Site Reliability Engineer Ottawa, ON, CA + 2 more
Qlik
About the role
About Qlik
A Gartner® Magic Quadrant™ Leader for 15 years in a row, Qlik transforms complex data landscapes into actionable insights, driving strategic business outcomes. Serving over 40,000 global customers, our portfolio leverages pervasive data quality and advanced AI/ML capabilities that lead to better decisions, faster.
We excel in integration and governance solutions that work with diverse data sources, and our real‑time analytics uncover hidden patterns, empowering teams to address complex challenges and seize new opportunities.

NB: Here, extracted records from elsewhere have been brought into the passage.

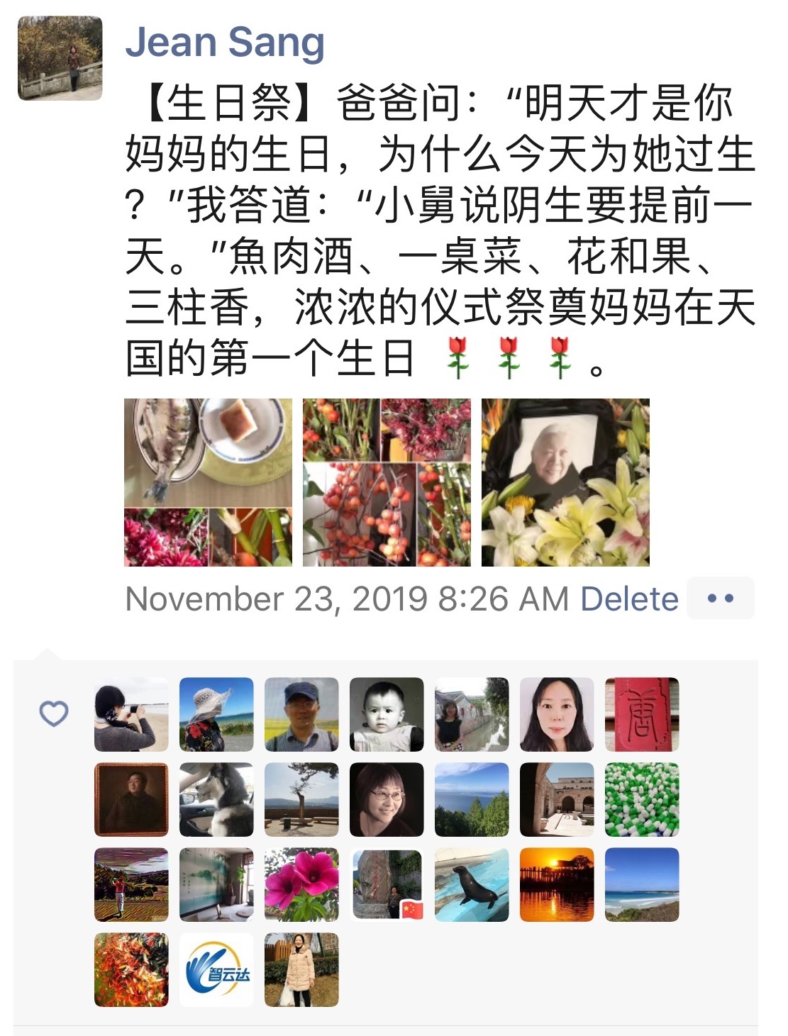 在自贡,小舅摆上鱼肉酒、一桌菜、花和果、三柱香提前一天为妈妈过第二个阴生日。爸爸问:“明天才是你妈妈的生日,为什么今天为她过生?”我答道:“小舅说阴生要提前一天过。”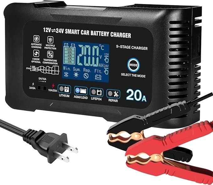 3-LEVEL SMART CHARGING: PRECISION POWER TAILOR - Charging to your battery’s needs with adjustable 12V (5A/10A/20A) and 24V (3A/5A/10A) modes. Designed for LiFePO4 and Lithium batteries, this charger delivers optimized voltage curves to prevent overcharging and extend lifespan. Ideal for AGM, Gel, SLA, and marine batteries—safety meets speed!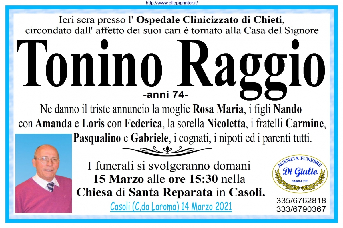 Ieri sera è venuto a mancare, all’età di 74 anni, Tonino Raggio, presso l’ospedale “SS. Annunziata” di Chieti. Lascia la moglie Rosa Maria e i due figli Loris e Nando.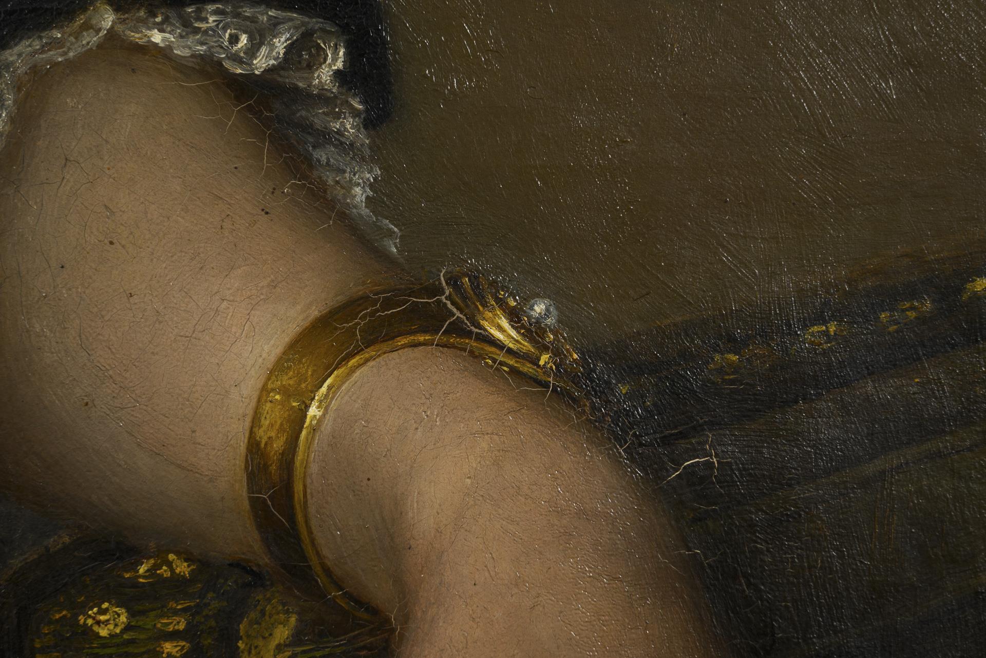 92 x 65 cm. Gerahmt : 135 x 100 cm (defekter ajour geschnitzter Goldstuckrahmen); 6,8 kg.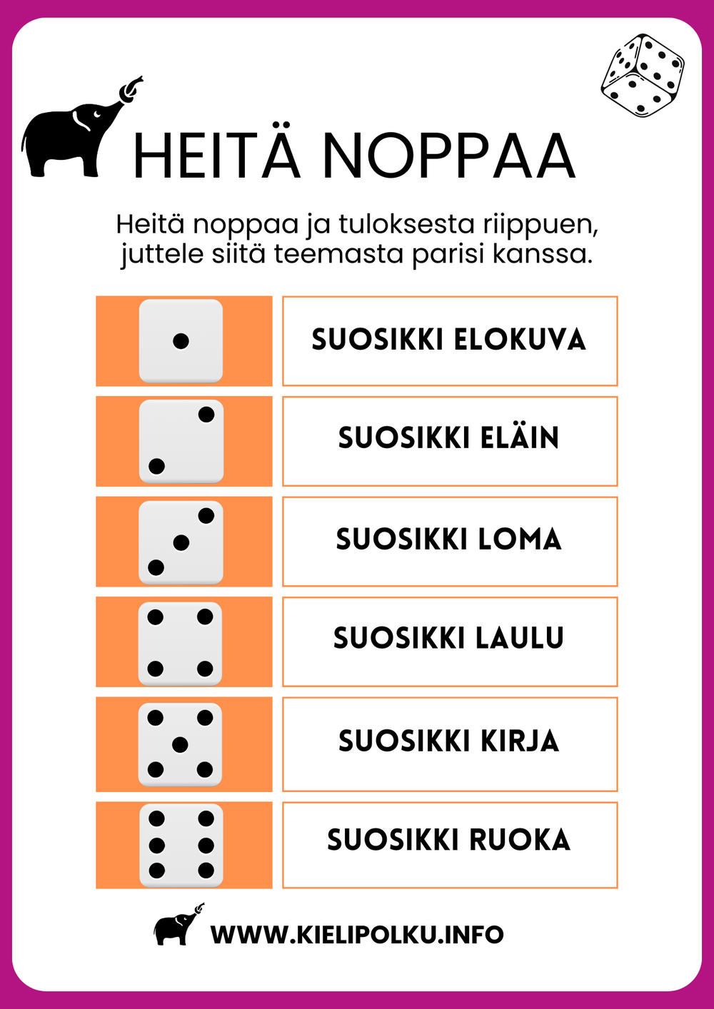 Suomen Kielipolku SLI ry:n materiaalien käyttöehtona on dokumentin tulostaminen alkuperäisenä, jotta yhdistyksen tiedot näkyvät tulosteessa. Materiaalia ei saa myöskään käyttää mihinkään kaupalliseen tarkoitukseen. Jos käytät dokumentteja jossakin, muista mainita lähde.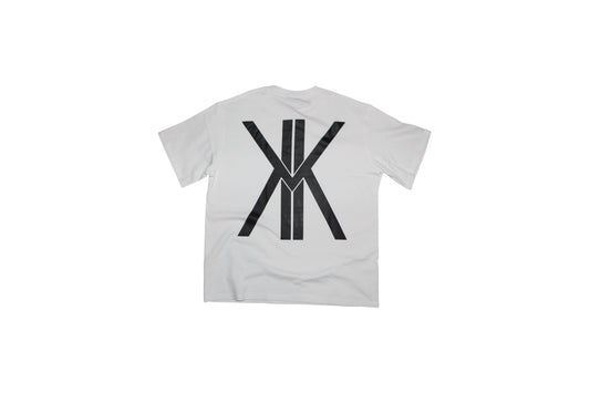 White T-shirt, with black lettering and black logo

We were also recognized as one of National Capital Region's 2025 Top Employers in Canada.
Find out more about “Life at Qlik” on social media and see all other opportunities to join us and our values on our careers page.
Culture & Benefits
- Genuine career progression pathways and mentoring programs
- Culture of innovation, technology, collaboration, and openness
- Flexible, diverse, and international work environment
- Giving back is a huge part of our culture – extra “change the world” day, personal development day, and encouragement to participate in community initiatives
Role Overview – Site Reliability Engineer
As a Site Reliability Engineer at Qlik, you’ll sit at the heart of our cloud ecosystem, helping power the reliability, security, and scalability of Qlik and Talend Cloud services used around the world.
You’ll work on systems operating at serious scale – supporting millions of transactions across a global cloud environment – while shaping how reliability engineering is done across the business.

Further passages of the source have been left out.